Читаем The Lost Fleet: Beyond the Frontier: Guardian полностью

But as the minutes went by, Boyens’s flagship remained stubbornly in the same orbit. Geary checked the combat systems readouts, seeing the steady scrolling down to the time when the Syndic battleship would be within range of the weapons on the leading Alliance warships. One number for the specter missiles, another for hell-lance particle beams, a third time for the ball bearings called grapeshot used at close range, and finally a time for the very-close-range null-field generators carried by the Alliance battle cruisers and battleships.

Desjani shook her head as she studied her display. “If he doesn’t start moving in the next five minutes, we’ll catch him before he reaches the gate.”

Rione spoke from where she had come to stand on the other side of Geary. “Why hasn’t CEO Boyens tried to communicate with us?” she wondered. “Accused us of setting him up, tried to apologize, anything at all? Ah, I know.”

“Do you feel like telling me?” Geary asked.

“Certainly, Admiral.” Rione held out her open hand, palm up. “Syndic CEOs hold their positions through fear. Subordinates know they cannot cross their CEOs. But if a CEO is seen to be weak, subordinates will see wounded prey.”

“And an apology, an attempt to deflect our attack, would make Boyens look weak.”

“Extremely weak, as well as foolish.” Rione closed her hand into a fist. “He knows we set him up. To openly admit that he fell into a trap we set might drive the last nail into his coffin.”

“Do you think he’ll stay and fight?”

“That would be suicide.” She made an uncertain gesture. “But the price of failure here for him might be high, and his own anger at being humiliated might drive him to fight a hopeless battle. I don’t know.”

“Two minutes left for him to start running,” Desjani said. “We need to see thrusters firing on those Syndics ships within the next thirty seconds to get them faced on a course for the gate.”

Thirty seconds to wonder if the cunning and twisted plot dreamed up by the rulers of Midway would blow up in everyone’s face. On the main inhabited world light-hours from the hypernet gate, President Iceni and General Drakon would not see what happened until a long time after it took place. Thirty seconds to wonder what they would think as they saw the same limited time rapidly running out. CEO Boyens must be angry, frustrated, knowing he was trapped, knowing that failure would be punished by his superiors in the Syndic hierarchy but knowing also that if he lost that battleship, the punishment would certainly be death. Thirty seconds to wonder if Boyens would choose to risk that rather than fail here.

Ten seconds.

Five.

THREE

“MANEUVERING thrusters firing on all warships in the Syndic flotilla,” Lieutenant Yuon called out. “Vectors changing toward hypernet gate.”

“There you go,” Desjani said approvingly. “He’ll wait until the last possible second to cut in his main propulsion, too,” she predicted.

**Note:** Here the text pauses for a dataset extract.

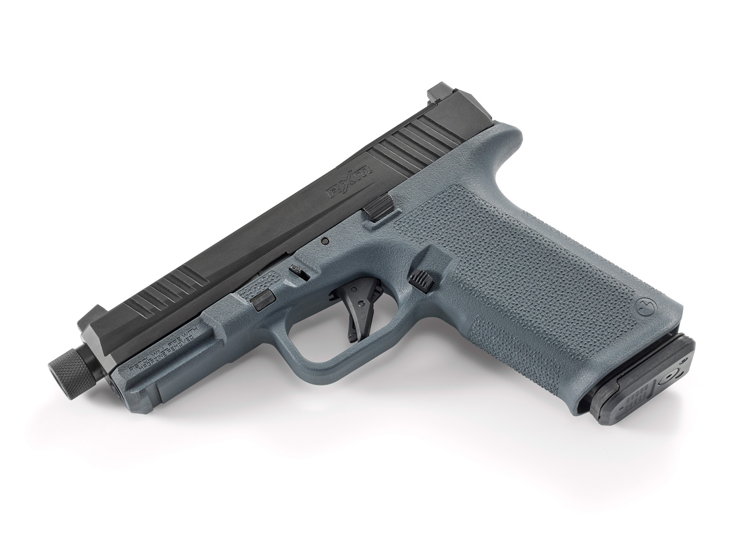 Extended magazine release and raised slide stop.

“What if Boyens miscalculates?” Geary said.

“Then we punch some holes in the hide of that battleship to remind him that he should allow a little larger margin for error in the future.” She smiled at him. “Right?”

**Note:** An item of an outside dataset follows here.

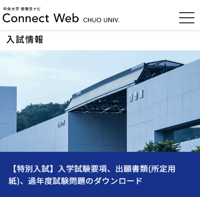 #中央大学受験生ナビConnectWeb入試情報より【特別入試】入学試験要項、出願書類(所定用紙)、過年度試験問題のダウンロードhttps://chuo-u.ac.jp/connect/admissi..

“Yeah. Whoever is driving our ‘chartered’ heavy cruiser is doing a good job.”

The lone heavy cruiser had kept accelerating all out away from the pursuing Syndic cruisers and HuKs while twisting slightly to one side and down in order to put the oncoming missiles into the most difficult possible stern chase. Geary’s eyes went to where the Midway flotilla was swooping in from the side, aiming to intercept the heavy cruisers of the Syndic force that had gone after the lone cruiser. “They’re not faking this at all. They’re going to try to take out those Syndic warships.”

Desjani gave him a sidelong glance. “The Midway ships are outnumbered three to six in heavy cruisers. Having a few light cruisers along won’t compensate for that. If their Kommodor goes straight in, the Midway flotilla will get its butt kicked pretty hard.”

“Probably,” Geary agreed. “Let’s hope she’s smarter than that.” Something else caught his attention, the Dancer ships swinging outward from their last orbit and heading this way. “I wonder what the Dancers are thinking while they watch this.”

“If they’ve been secretly watching us as long as we suspect they have, then they’re probably thinking business as usual for those humans.”

Charban spoke in a thoughtful voice. “There must be many things they still don’t know about us. I feel certain that the Dancers are watching all we do very closely.”

By contrast, Rione sounded amused. “It would be interesting to know their interpretation of what they are seeing right now.”

Geary didn’t answer this time, his eyes once more on a time count scrolling downward. If the Syndic flotilla did not light off their main propulsion in another twenty seconds, Geary’s fleet would be certain to get within firing range before the Syndics could use the hypernet gate to escape.